Karen Beautle

Personal information
- Full name: Karen Rose Marie Beautle
- Nationality: Jamaican
- Born: 13 June 1971 (age 55)

Sport
- Sport: Athletics
- Event: High jump

Achievements and titles
- Personal best: 1.89 m (2000)

Medal record
Representing Jamaica
Commonwealth Games
| Bronze medal – third place | 2006 Melbourne | High jump |

= Karen Beautle =

Jamaican high jumper (born 1971)

Karen Rose Marie Beautle (born 13 June 1971) is a Jamaican high jumper. She competed at the Olympic Games in 2000 and three Commonwealth Games, winning the bronze medal at the 2006 Commonwealth Games.

==Career==
Beautle became Jamaican champion in the high jump in 1998, 1999, 2002, 2004 and 2006. She won her first regional medal at the 1997 Central American and Caribbean Championships, where she claimed the silver. In 1998 she finished fourth at the Central American and Caribbean Games and ninth at the Commonwealth Games. Her best result came when she won the Jamaican U19 Championships in Kingston in March 1998. Her only regional gold medal came at the 1999 Central American and Caribbean Championships; the same year she finished sixth at the 1999 Pan American Games.

In February 2000, Beautle, still a U20 athlete, achieved her lifetime best when jumping 1.89 metres in Kingston. She competed at the 2000 Olympic Games without reaching the final. She competed seldomly in 2001, and not at all in 2003.

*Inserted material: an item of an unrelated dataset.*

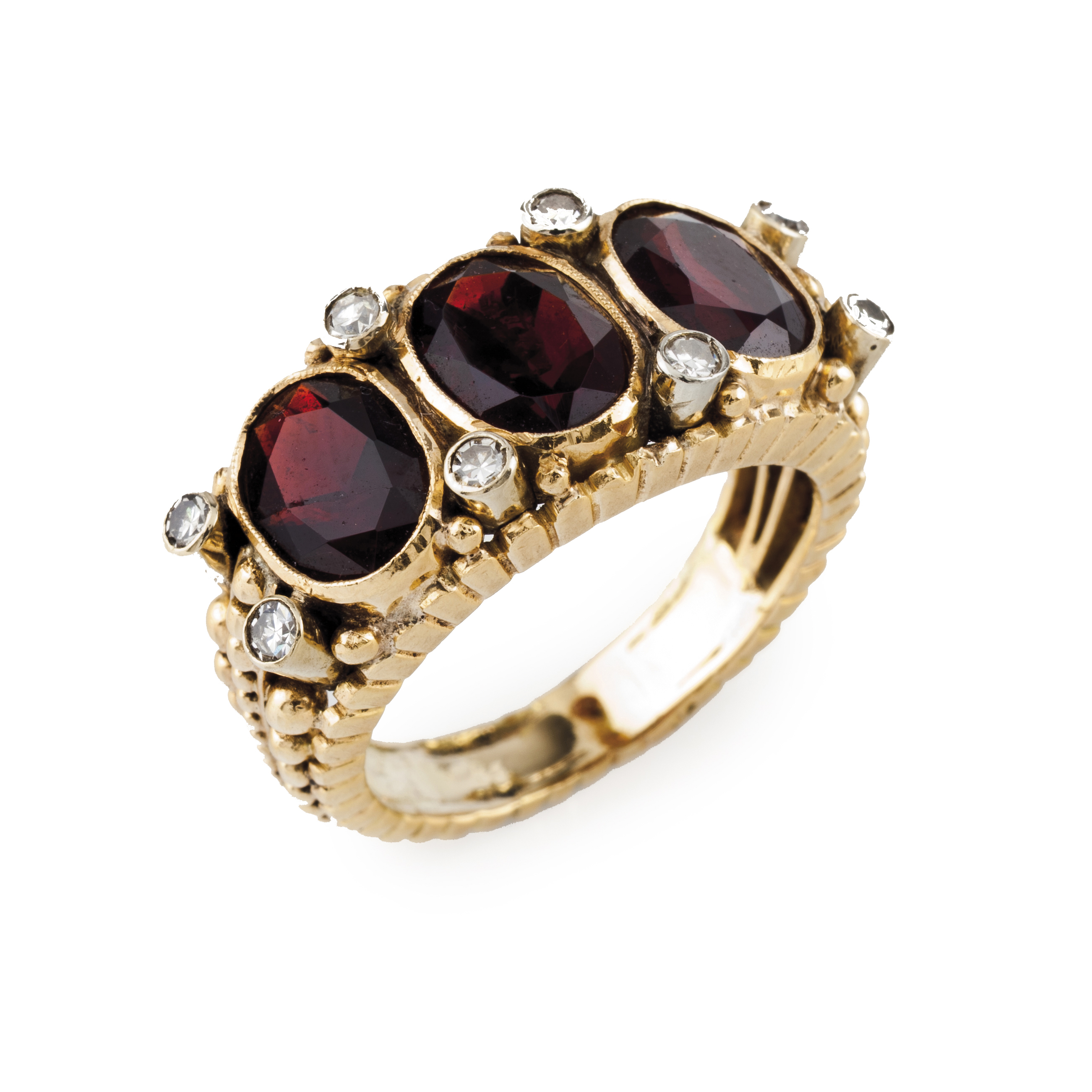 Decoração de granitos cravejado com 3 granadas em talhe oval e pequenos diamantes em talhe rosa

In 2002, however, she became national champion with a 1.87 metre jump and proceeded to compete in the United Kingdom throughout the summer, registering 1.88 m in Cardiff. She rounded off with a fifth place at the 2002 Commonwealth Games before finishing fourth at the 2002 Central American and Caribbean Games.

She later won the silver medal at the 2005 Central American and Caribbean Championships, the bronze medal at the 2006 Commonwealth Games and finished fourth at the 2006 Central American and Caribbean Games. At the 2006 Commonwealth Games, Beautle edged out five other jumpers who, like her, failed at 1.88 metres. Beautle edged ahead on countback.

Beautle started coaching high jumpers of the Rochester Yellowjackets in 2011, though as a volunteer.